Bartha I et al, “Estimating the Respective Contributions of Human and Viral Genetic Variation to HIV Control”, PLoS Computational Biology, Feb 9 2017
Die HIV-Infektion schreitet bei Personen, welche nicht unter einer HIV-Therapie stehen, unterschiedlich schnell voran. Dies zeigt sich unter anderem darin, dass bei unbehandelten HIV-positiven Personen die Zeit bis AIDS auftritt zwischen 2 Jahren und 20 Jahren schwankt. Ein Marker, um die Schnelligkeit im Voranschreiten der HIV-Infektion abschätzen zu können, ist die HIV-Viruslast gemessen einen Monat nach Infektion. Diesen Marker nennt man setpoint viral load. Je höher der setpoint viral load, desto grösser das Risiko für das Voranschreiten der HIV-Infektion. Die Autoren dieser Studie haben untersucht, durch welche Faktoren der setpoint viral load beeinflusst wird. Das Ergebnis: die Erbfaktoren des Virus haben einen viel grösseren Einfluss auf die Höhe des setpoint viral load als die Erbfaktoren der infizierten Person.

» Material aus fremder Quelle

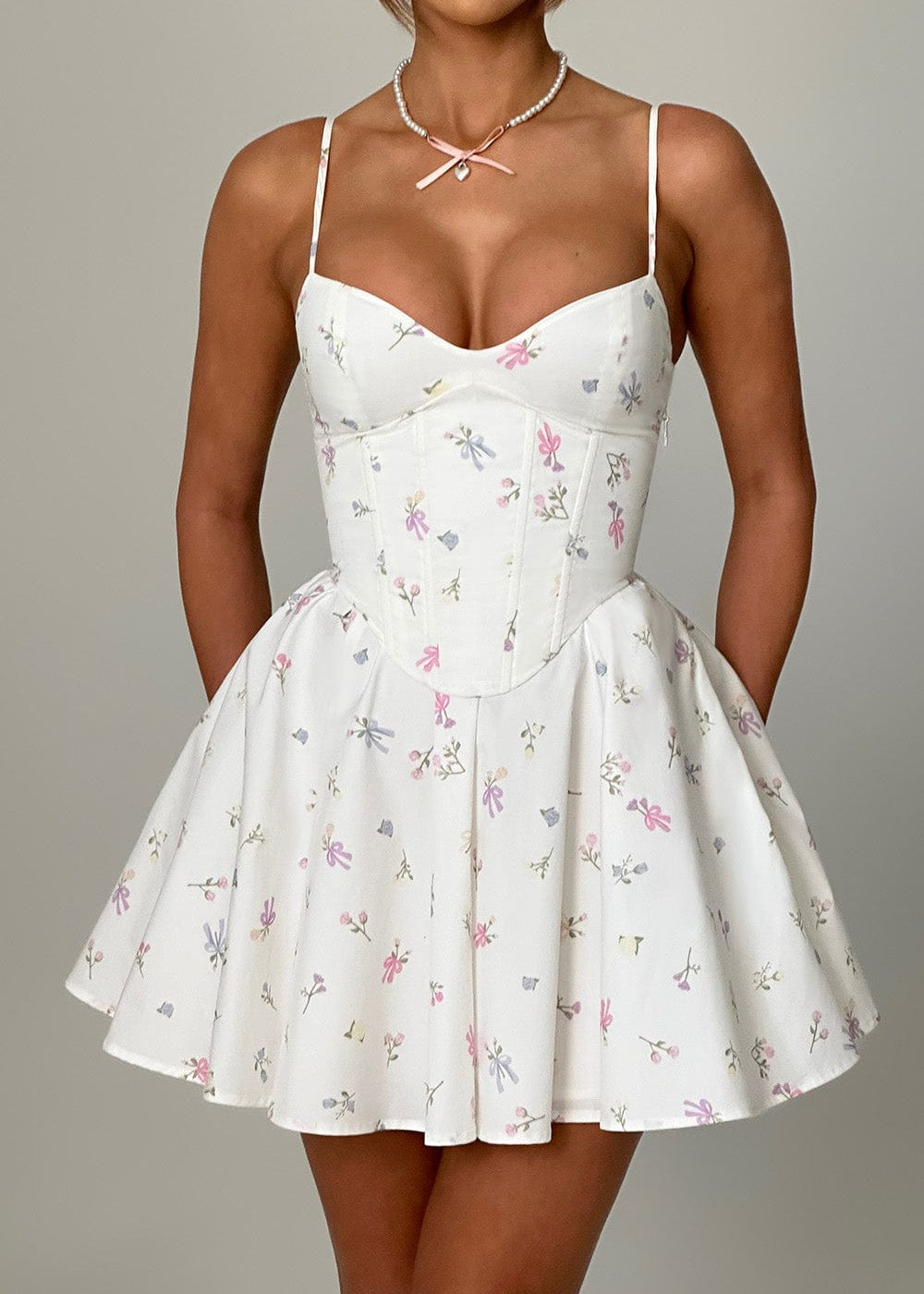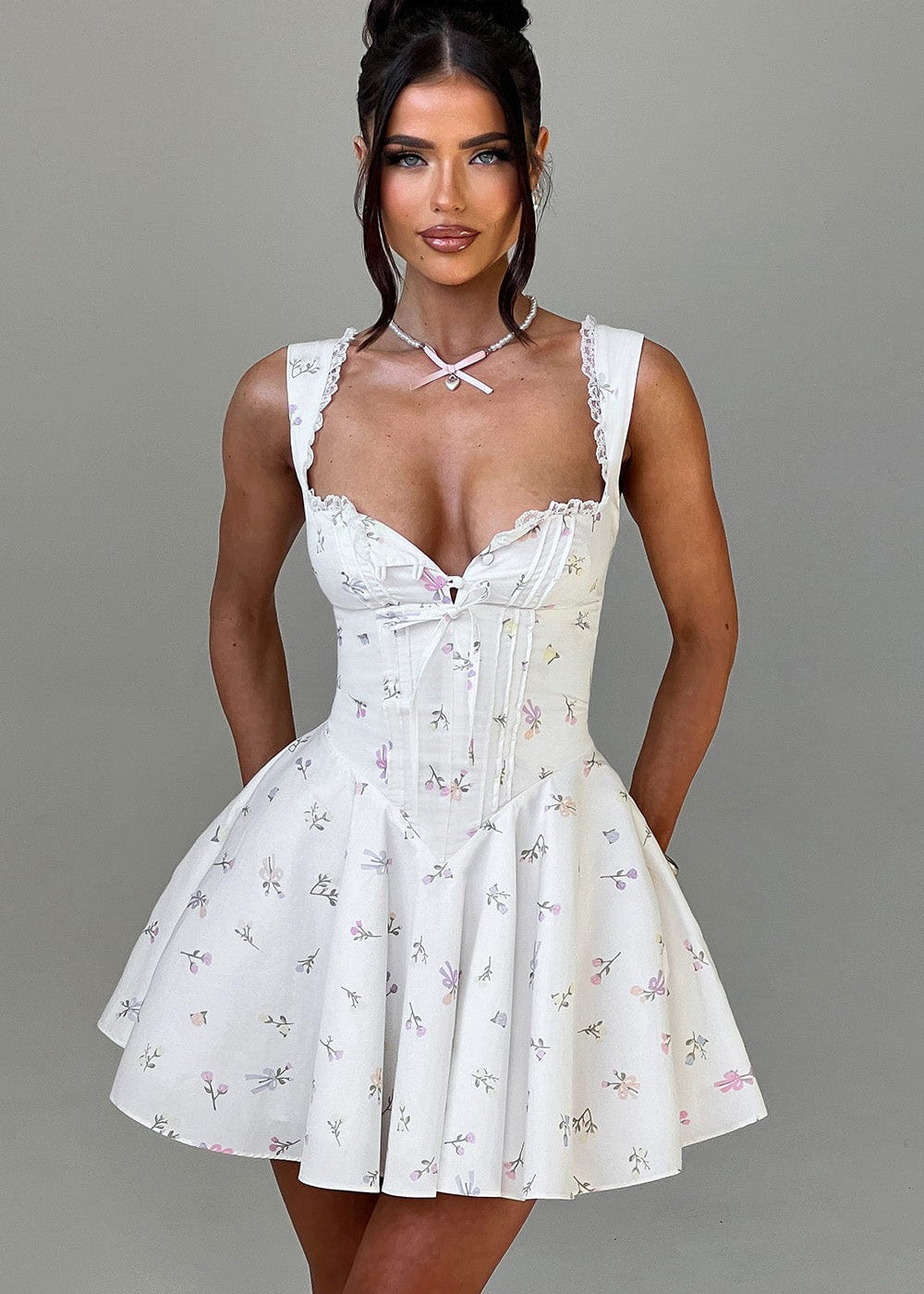 Vestido Mini Analeigh - Estampa Floral Branca Multicolorida
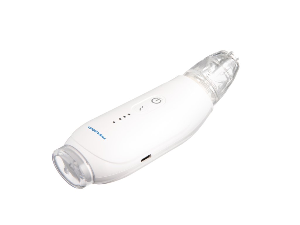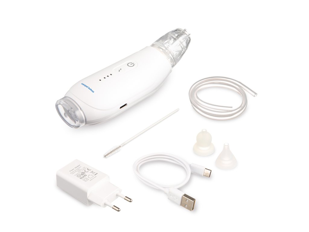 - Ľahko sa udržuje v čistote – vďaka jednoduchej sterilizácii silikónových nosných nástavcov a vyberateľnej nádobke na hlien a čistiacej kefke.
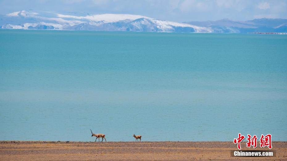 資料圖為西藏色林錯(cuò)湖畔的藏羚羊和遠(yuǎn)處的雪山風(fēng)光。江飛波 攝
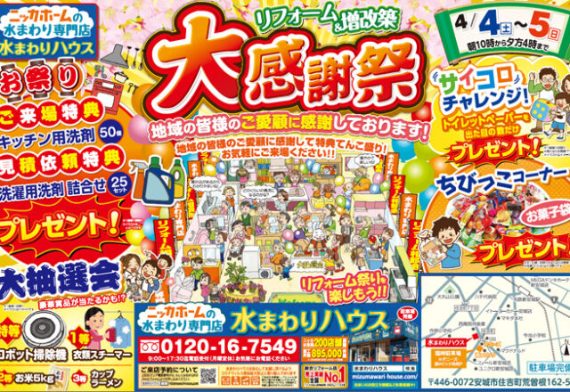 4月4日(土)~5日(日) 10:00~16:00 いつも水まわりハウスをご利用いただき、誠にありがとうございます。 このたび、日ごろの皆様のご愛顧に感謝して「大感謝祭」を開催します! ご来場いただいたお客様には、ご来場特典や見積り依頼特典を先着でプレゼント。 さらに、ロボット掃除機、衣類スチーマーなど豪華賞品の当たる大抽選会にもご参加いただけます! そのほか、トイレットペーパー…
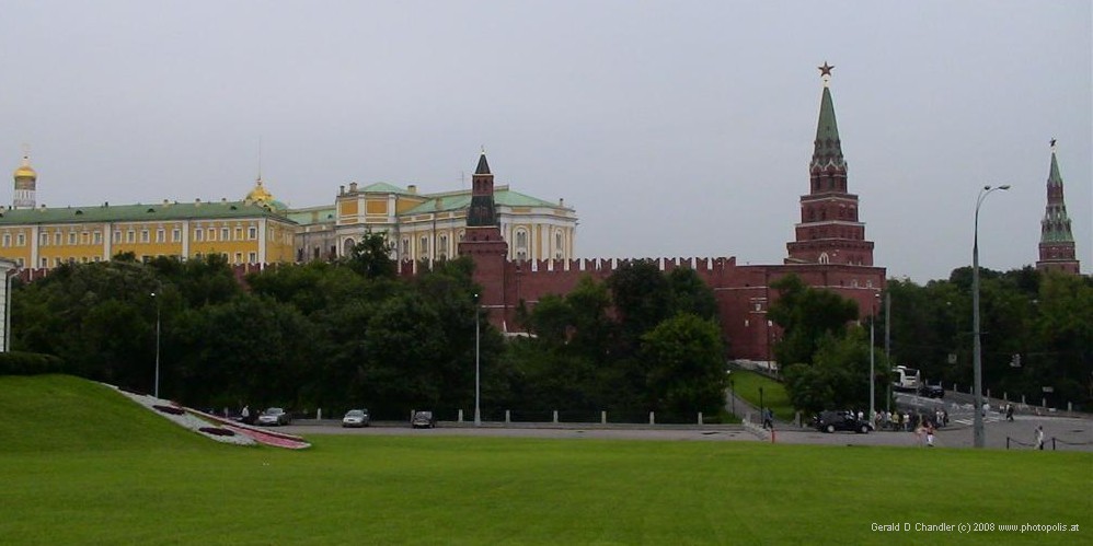 We had just visited Moscow University and walked the 1/2 km north to the Moscow River. There on a bluff above the river, the highest natural point within the city, we learned many people come to get their wedding photograph. So on the spur of the moment we celebrated our anniversary a few months early. Travel 2005 | 2004 | 2003 | 2002 | 2001 | 2000
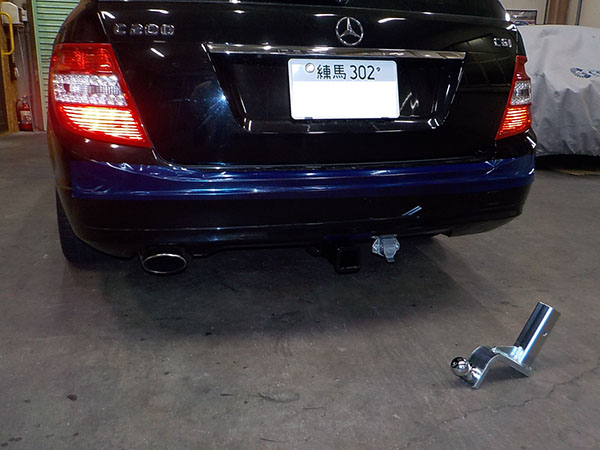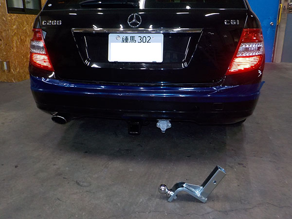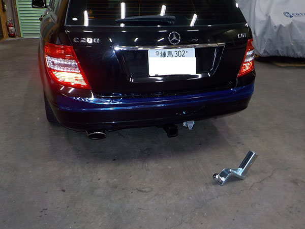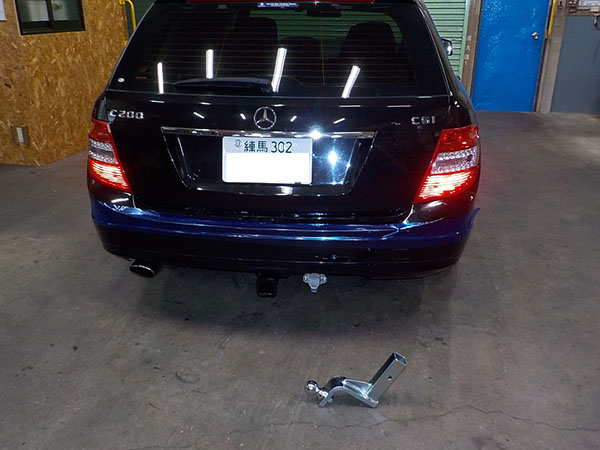 メルセデスベンツCクラスワゴンに特注ヒッチメンバー製作取付しています。
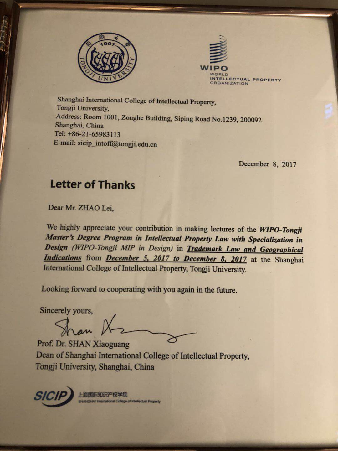 ▲上海國際知識產(chǎn)權(quán)學院聘書

Die Schätzung, in welchem Ausmass die Erbfaktoren von HIV die Höhe des setpoint viral load beeinflussen, schwankt in der Literatur zwischen 6 und 59%. Um diesbezüglich eine genauere Einschätzung machen zu können, haben die Autoren der vorliegenden Studie die Daten von über 2’000 HIV-positiven Personen aus fünf europäischen Ländern untersucht. Im Gegensatz zu früheren Studien, hatten sich die Teilnehmer frisch mit HIV angesteckt und befanden sich im Zeitfenster von 6 bis 24 Monaten nach der Ansteckung. Die Autoren haben den Einfluss der HIV-Erbfaktoren auf den setpoint viral load mit einem mathematischen Modell untersucht, bei dem die Gesamtheit der HIV-Erbfaktoren mittels einer speziellen Labortechnik analysiert wurde.
Die Autoren haben mit ihrem Modell berechnet, dass die Höhe des setpoint viral loads in ungefähr 30% durch die HIV-Erbfaktoren bestimmt wird und dabei einer Schwankung von 15 bis 43% unterliegt. Andere Faktoren, welche den setpoint beeinflussen, sind die Erbfaktoren der infizierten Person («Wirtsfaktoren»), Unterschiede in der Immunantwort der infizierten Person nach HIV-Infektion und mögliche mathematische Messungenauigkeiten.
Zusammenfassend zeigt diese europäische Kohortenstudie, dass rund 30% des setpoint viral loads durch die Erbfaktoren des HI-Virus bestimmt wird. Die Studie zeigt auch, dass es weitere Studien braucht, mit denen das Ausmass der Erbfaktoren auf den setpoint viral load untersucht wird, um Messungenauigkeiten zu berücksichtigen.